Solution-processable and photocurable aromatic polyurea gate dielectrics for high-performance organic thin-film transistors

Abstract

A solution-processable and photocurable polyurea (PU) with excellent electrical and dielectric properties is synthesized, characterized, and applied as a gate dielectric in high-performance organic thin-film transistors (OTFTs). The PU is synthesized from toluene-2,4-diisocyanate and 3,5-diaminobenzyl cinnamate via a condensation reaction. The PU containing cinnamoyl groups is photo-crosslinked without a photoinitiator and easily micropatterned by selective ultra-violet (UV) exposure. The photo-crosslinked PU (c-PU) film improves dielectric properties and thermal and chemical resistance compared with pristine PU films. We fabricated dinaphtho[2,3-b:2′,3′-f]thieno[3,2-b]thiophene (DNTT)-based OTFTs with a c-PU gate dielectric layer to investigate the performance of the c-PU thin film as a gate dielectric. The field-effect mobility and on/off ratio of DNTT-based OTFTs with surface-treated c-PU gate dielectric are 0.75 ± 0.03 cm2 V−1s−1 and 1.60 × 106, respectively.
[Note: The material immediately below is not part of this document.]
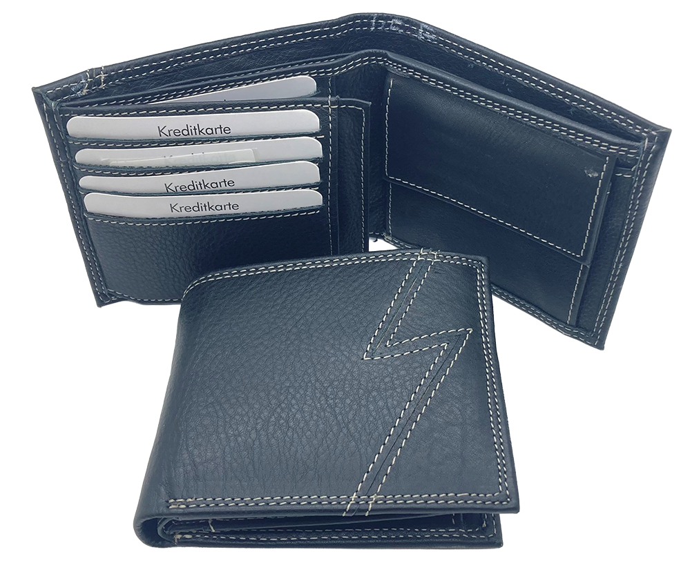 Ledergeldbörse, zweifarbig, 12x10x3cm, Schwarz/Schwarz

In addition, solution-processed diketopyrrolopyrrole-thienothiophene copolymer-based OTFTs with c-PU gate dielectric show field-effect mobility of 0.07 ± 0.01 cm2 V−1s−1 and on/off ratio of 2.88 × 105. Furthermore, the complementary inverter was successfully demonstrated by using c-PU with excellent insulating property as the gate dielectric.